Invalid Date (modified: Nov 02, 2016) ICLR 2017 conference submission readers: everyone
  • Abstract: This paper aims to reduce test-time computational load of a deep neural network. Unlike previous methods which factorize a weight matrix into multiple real-valued matrices, our method factorizes both weights and activations into integer and noninteger components. In our method, the real-valued weight matrix is approximated by a multiplication of a ternary matrix and a real-valued co-efficient matrix. Since the ternary matrix consists of three integer values, {-1, 0, +1}, it only consumes 2 bits per element. At test-time, an activation vector that passed from a previous layer is also transformed into a weighted sum of binary vectors, {-1, +1}, which enables fast feed-forward propagation based on simple logical operations: AND, XOR, and bit count.
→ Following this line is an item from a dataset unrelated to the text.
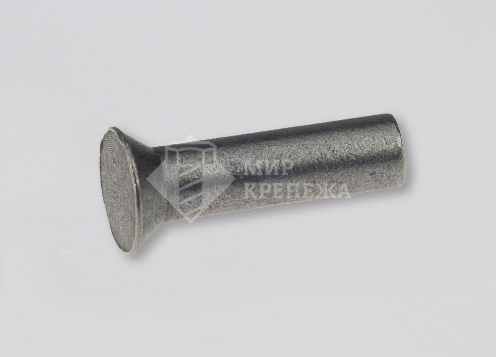 Заклепка ГОСТ 10300 - заклепка забивная стальная с потайной головкой используется для крепление изделий из металла. Соединение происходит в предварительно просверленное круглое сквозное отверстие. Потайная головка способствует монтажу вровень с прикрепляемыми материалами. Производство данных заклепок осуществляется из углеродистой стали по стандарту ГОСТ 10300-80.

This makes it easier to deploy a deep network on low-power CPUs or to design specialized hardware. In our experiments, we tested our method on three different networks: a CNN for handwritten digits, VGG-16 model for ImageNet classification, and VGG-Face for large-scale face recognition. In particular, when we applied our method to three fully connected layers in the VGG-16, 15x acceleration and memory compression up to 5.2% were achieved with only a 1.43% increase in the top-5 error. Our experiments also revealed that compressing convolutional layers can accelerate inference of the entire network in exchange of slight increase in error.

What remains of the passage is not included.